**TASK INSTRUCTIONS**
The lines to return run from the start of the material below through the line holding "SHEIN PETITE CURVESHEIN", both included; please give them back exactly, minus the pictures.

**DATA PROVIDED**
+++++

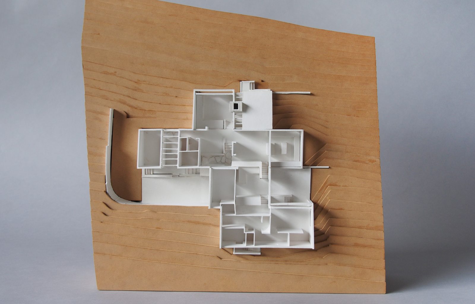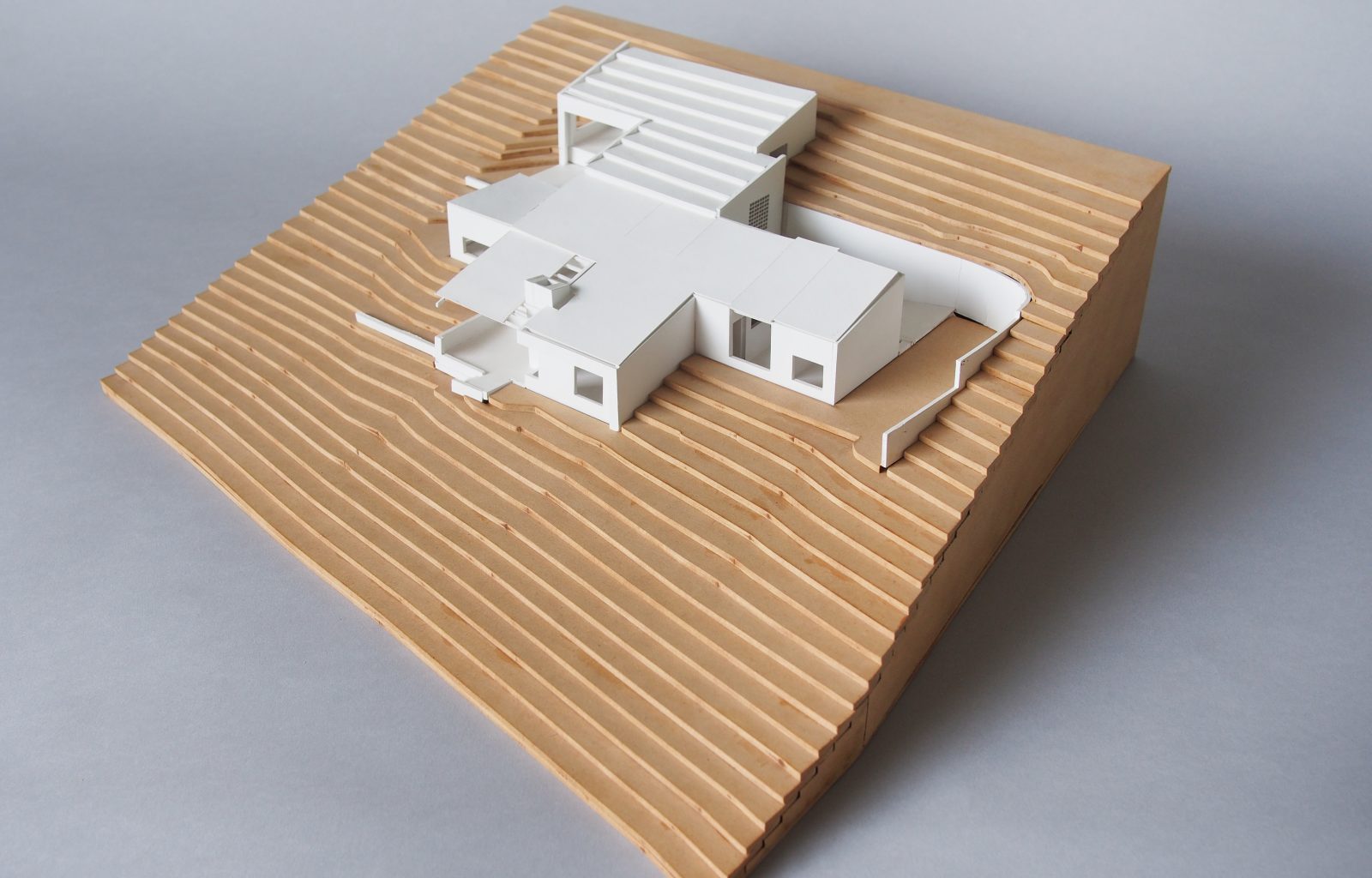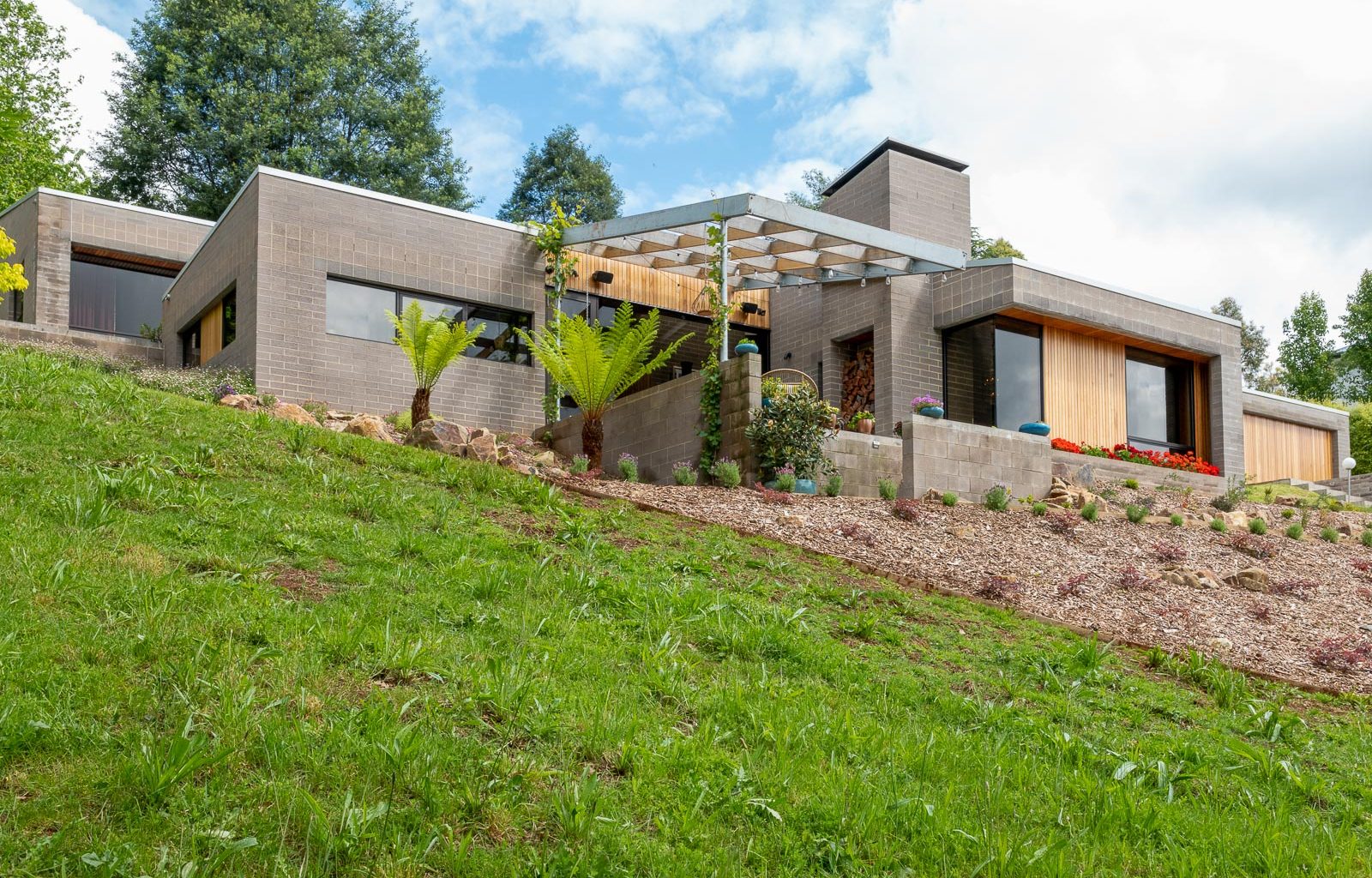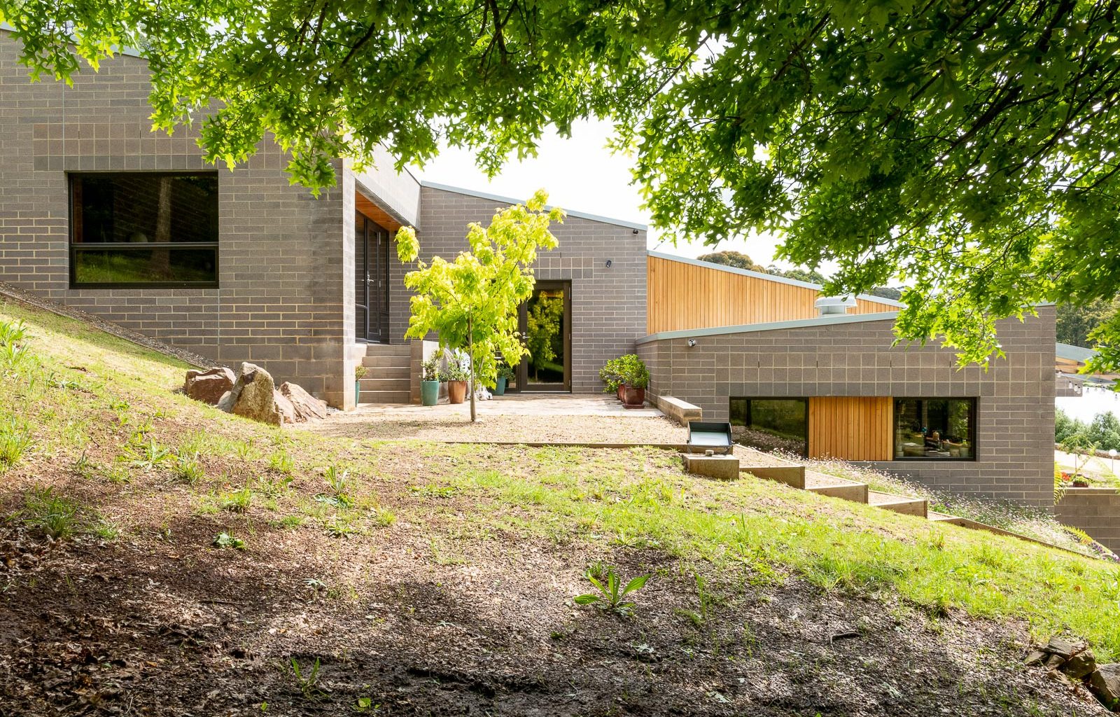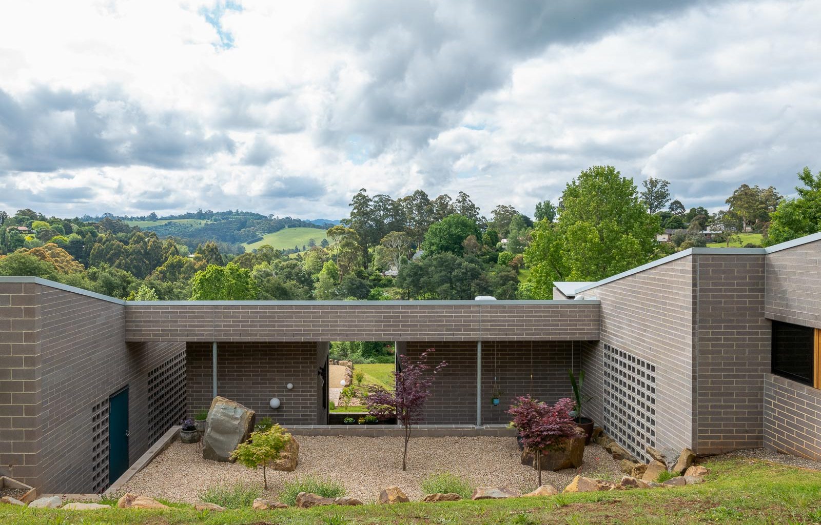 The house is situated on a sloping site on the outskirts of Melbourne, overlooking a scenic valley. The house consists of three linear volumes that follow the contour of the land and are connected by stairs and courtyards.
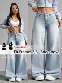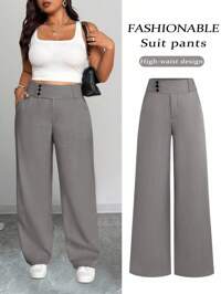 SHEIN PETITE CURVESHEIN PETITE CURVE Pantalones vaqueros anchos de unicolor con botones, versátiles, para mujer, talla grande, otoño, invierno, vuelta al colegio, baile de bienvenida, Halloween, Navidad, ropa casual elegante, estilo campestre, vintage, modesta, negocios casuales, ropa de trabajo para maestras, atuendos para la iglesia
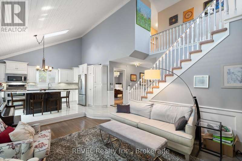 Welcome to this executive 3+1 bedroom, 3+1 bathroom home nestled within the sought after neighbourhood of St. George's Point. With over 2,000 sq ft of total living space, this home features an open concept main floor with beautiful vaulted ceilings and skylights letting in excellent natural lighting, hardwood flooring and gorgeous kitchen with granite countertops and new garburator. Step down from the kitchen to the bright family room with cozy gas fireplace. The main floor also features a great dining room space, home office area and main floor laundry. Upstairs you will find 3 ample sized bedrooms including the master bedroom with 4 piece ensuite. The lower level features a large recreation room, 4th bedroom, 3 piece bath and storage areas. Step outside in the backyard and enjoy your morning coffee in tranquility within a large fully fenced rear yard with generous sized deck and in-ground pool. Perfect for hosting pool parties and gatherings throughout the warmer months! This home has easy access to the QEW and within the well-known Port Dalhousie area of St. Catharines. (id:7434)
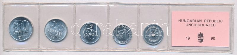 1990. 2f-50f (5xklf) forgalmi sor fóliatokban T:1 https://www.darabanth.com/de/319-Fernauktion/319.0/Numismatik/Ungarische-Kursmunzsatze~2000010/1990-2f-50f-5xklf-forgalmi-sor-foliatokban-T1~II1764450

+++++

**SOLUTION TO THIS TASK**
 The house is situated on a sloping site on the outskirts of Melbourne, overlooking a scenic valley. The house consists of three linear volumes that follow the contour of the land and are connected by stairs and courtyards.
 SHEIN PETITE CURVESHEIN PETITE CURVE Pantalones vaqueros anchos de unicolor con botones, versátiles, para mujer, talla grande, otoño, invierno, vuelta al colegio, baile de bienvenida, Halloween, Navidad, ropa casual elegante, estilo campestre, vintage, modesta, negocios casuales, ropa de trabajo para maestras, atuendos para la iglesia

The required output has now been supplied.